RECORDS FOR THE TASK section start

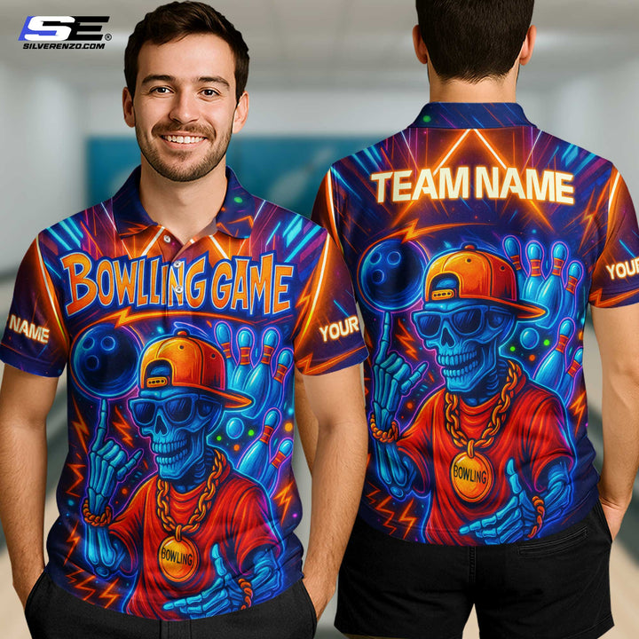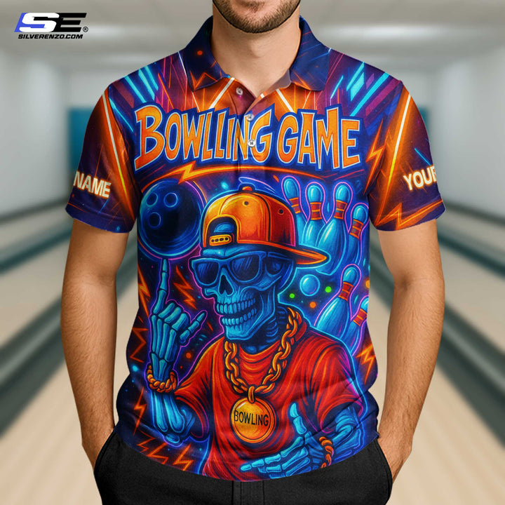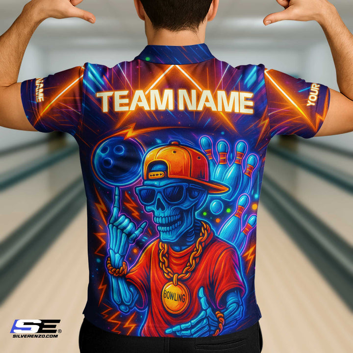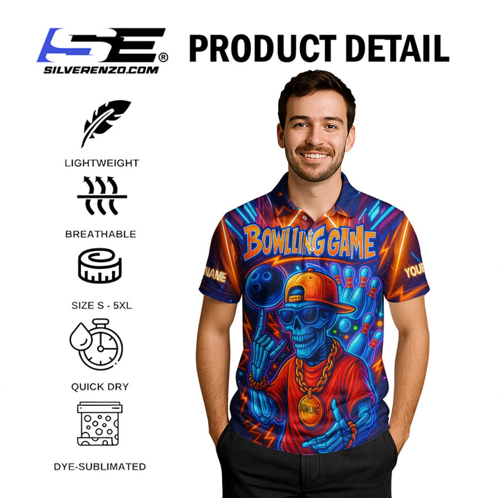 Personalized Bowling Game Skull Gangster Men Women Performance Polo Shirt Custom Name Bowling Team Jersey
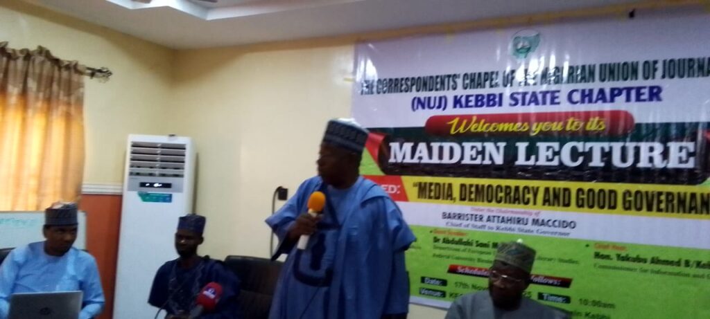 The Chief of Staff to Kebbi State Governor, Barrister Attahiru Maccido and Kebbi State Commissioner for information and Cultures, Alhaji Ahmed Yakubu stated this during the maiden lecture organized by the Correspondent’s Chapel of NUJ, Kebbi State Council, titled ” Media, Democracy and Good Governance”, in collaboration with the office of the Special Adviser to the Governor on Public Enlightenment and Orientation,Ibrahim Abubakar Jombali. is the Chairman of the occasion,
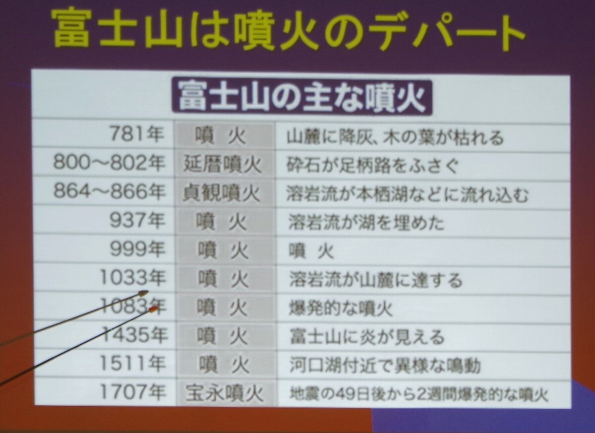 【島村】富士山の主な噴火は分かっているのはこれだけで、これは大きな噴火だけですが、小さなのはもっとたくさんあります。富士山というのはしばしば噴火する。ただ、宝永噴火から300年近く噴火はありませんから、そういった意味で、ずっと噴火しないことはありえませんので、そういった意味では、噴火しても不思議ではない。遠い将来、未来に、噴火がくるのはほぼ間違いない。
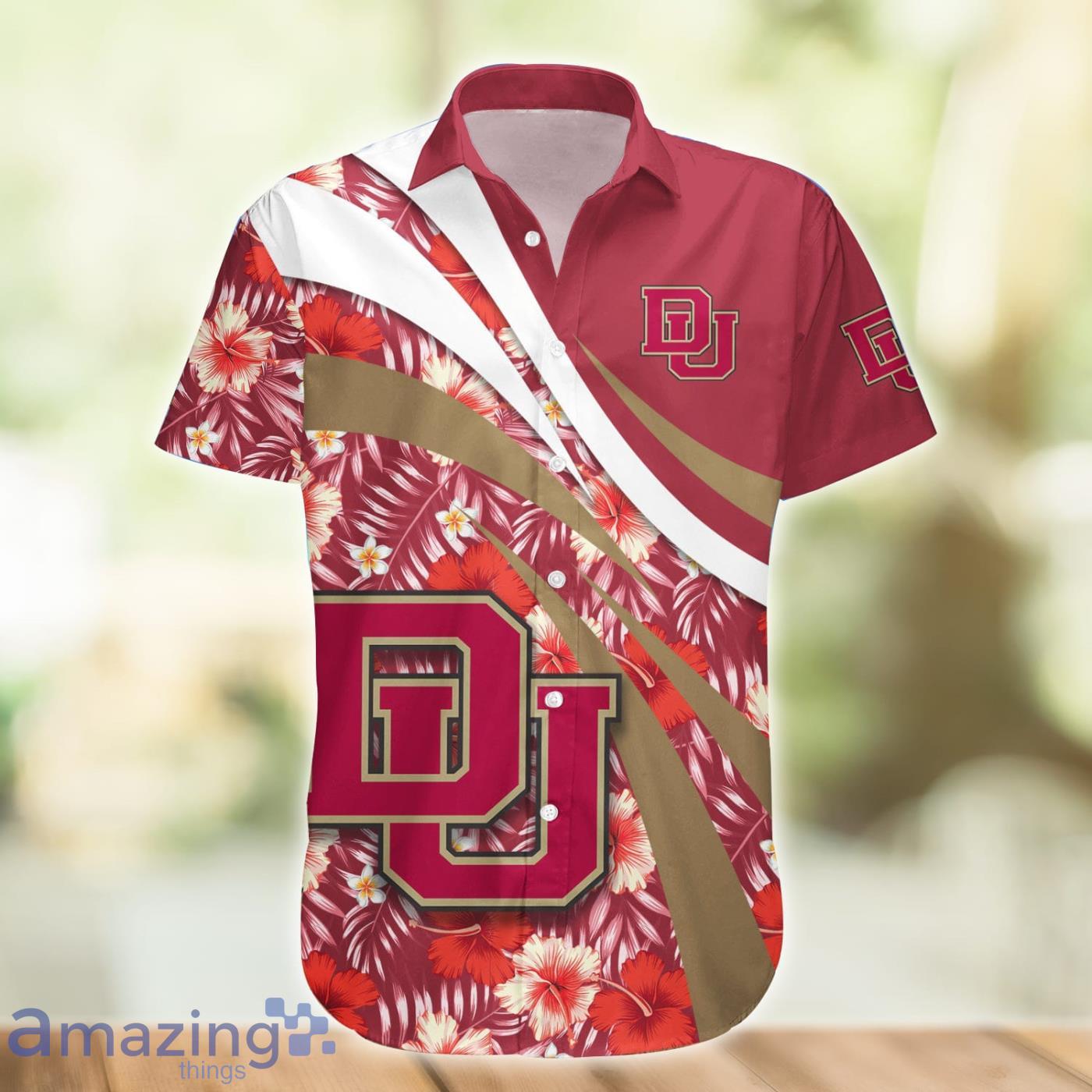 Some of the Denver Pioneers NCAA Hibiscus Flower Pattern Aloha Hawaiian Shirt photos
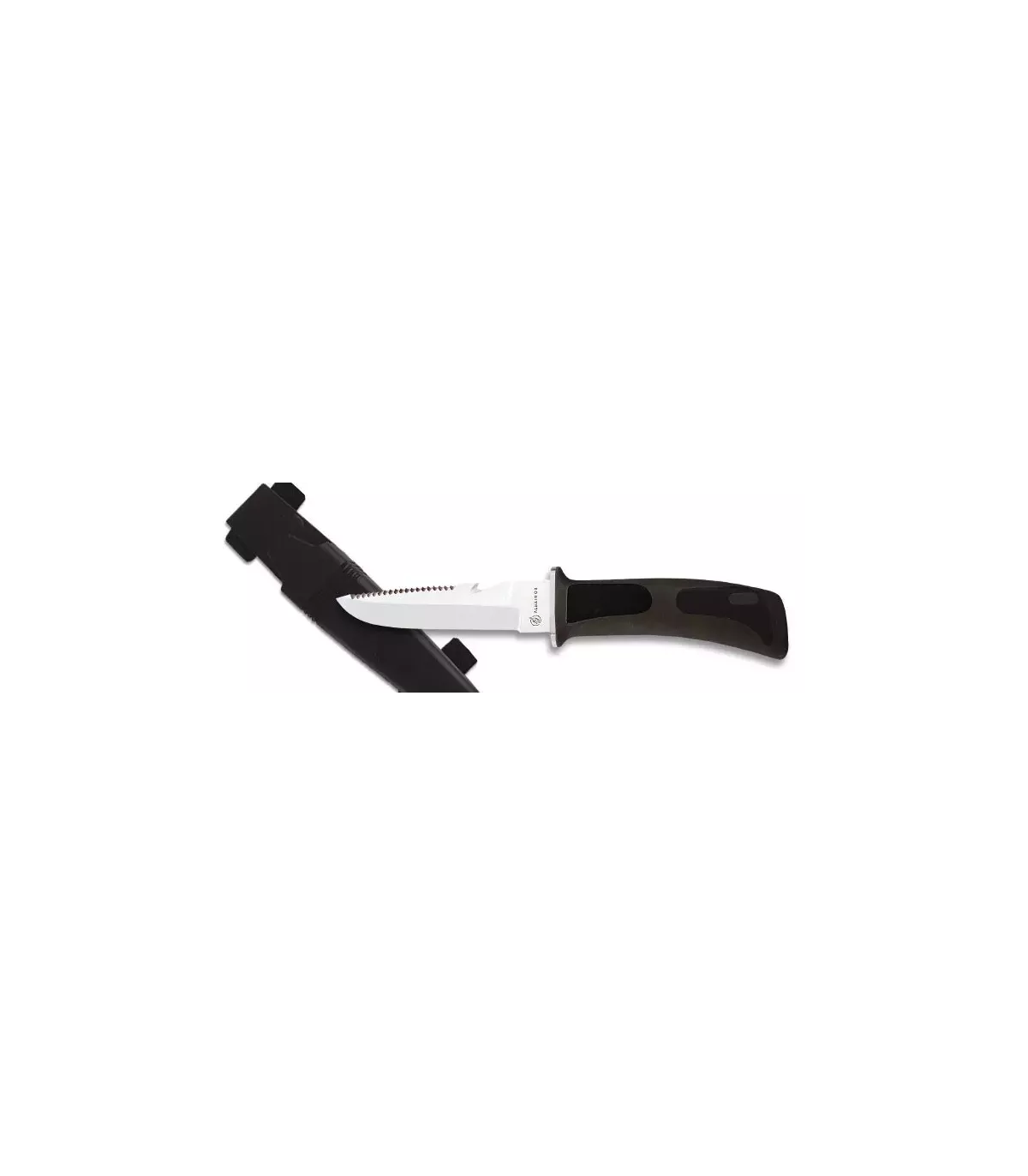 Suchen Sie nach einem langlebigen und hochwertigen Tauchermesser? Das schwarze Tauchermesser ist die perfekte Wahl für Sie. Mit einer 11,5 cm langen Klinge aus Edelstahl und einem starren PVC-Holster ist dieses Messer ideal für den professionellen Einsatz und wird von der renommierten Marke Martínez Albainox hergestellt, wobei hochwertige Materialien verwendet werden.
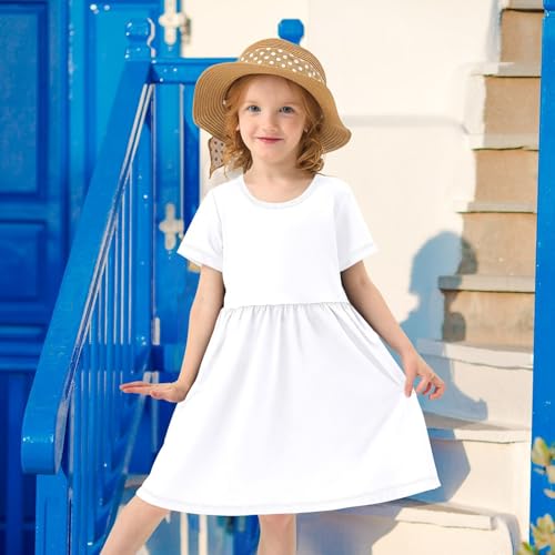 Yuiboo White Color Girls Summer Dresses Short Sleeve Casual Loose Ruffle Dresses for Little Girls 4
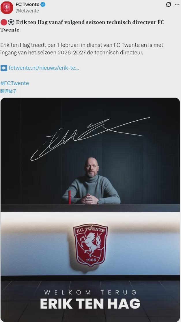 官方:前曼聯主帥滕哈格被任命為了特溫特隊的技術總監。
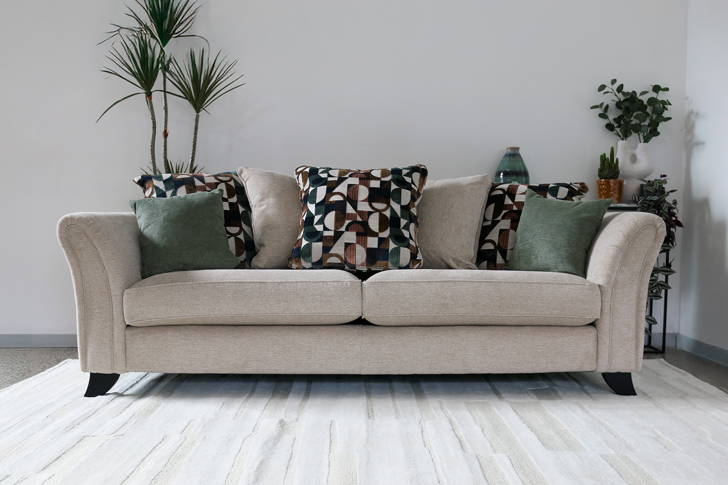 The Sofia collection blends timeless elegance with modern comfort, offering a statement piece for any living space. Available in both scatter back and standard back options, the Sofia allows you to choose the perfect balance of relaxed lounging or structured support. Crafted with sweeping flared arms and tapered legs, each sofa exudes sophistication while ensuring long-lasting quality. Choose from a variety of sizes to suit your home, from cosy 2 seaters to generously sized family sofas.

RECORDS FOR THE TASK section end

• **PROBLEM REQUIREMENTS**: Write out the entries above verbatim, without pictures.

• **ANSWER TO THIS EXERCISE**:
 Personalized Bowling Game Skull Gangster Men Women Performance Polo Shirt Custom Name Bowling Team Jersey
 The Chief of Staff to Kebbi State Governor, Barrister Attahiru Maccido and Kebbi State Commissioner for information and Cultures, Alhaji Ahmed Yakubu stated this during the maiden lecture organized by the Correspondent’s Chapel of NUJ, Kebbi State Council, titled ” Media, Democracy and Good Governance”, in collaboration with the office of the Special Adviser to the Governor on Public Enlightenment and Orientation,Ibrahim Abubakar Jombali. is the Chairman of the occasion,
 【島村】富士山の主な噴火は分かっているのはこれだけで、これは大きな噴火だけですが、小さなのはもっとたくさんあります。富士山というのはしばしば噴火する。ただ、宝永噴火から300年近く噴火はありませんから、そういった意味で、ずっと噴火しないことはありえませんので、そういった意味では、噴火しても不思議ではない。遠い将来、未来に、噴火がくるのはほぼ間違いない。
 Some of the Denver Pioneers NCAA Hibiscus Flower Pattern Aloha Hawaiian Shirt photos
 Suchen Sie nach einem langlebigen und hochwertigen Tauchermesser? Das schwarze Tauchermesser ist die perfekte Wahl für Sie. Mit einer 11,5 cm langen Klinge aus Edelstahl und einem starren PVC-Holster ist dieses Messer ideal für den professionellen Einsatz und wird von der renommierten Marke Martínez Albainox hergestellt, wobei hochwertige Materialien verwendet werden.
 Yuiboo White Color Girls Summer Dresses Short Sleeve Casual Loose Ruffle Dresses for Little Girls 4
 官方:前曼聯主帥滕哈格被任命為了特溫特隊的技術總監。
 The Sofia collection blends timeless elegance with modern comfort, offering a statement piece for any living space. Available in both scatter back and standard back options, the Sofia allows you to choose the perfect balance of relaxed lounging or structured support. Crafted with sweeping flared arms and tapered legs, each sofa exudes sophistication while ensuring long-lasting quality. Choose from a variety of sizes to suit your home, from cosy 2 seaters to generously sized family sofas.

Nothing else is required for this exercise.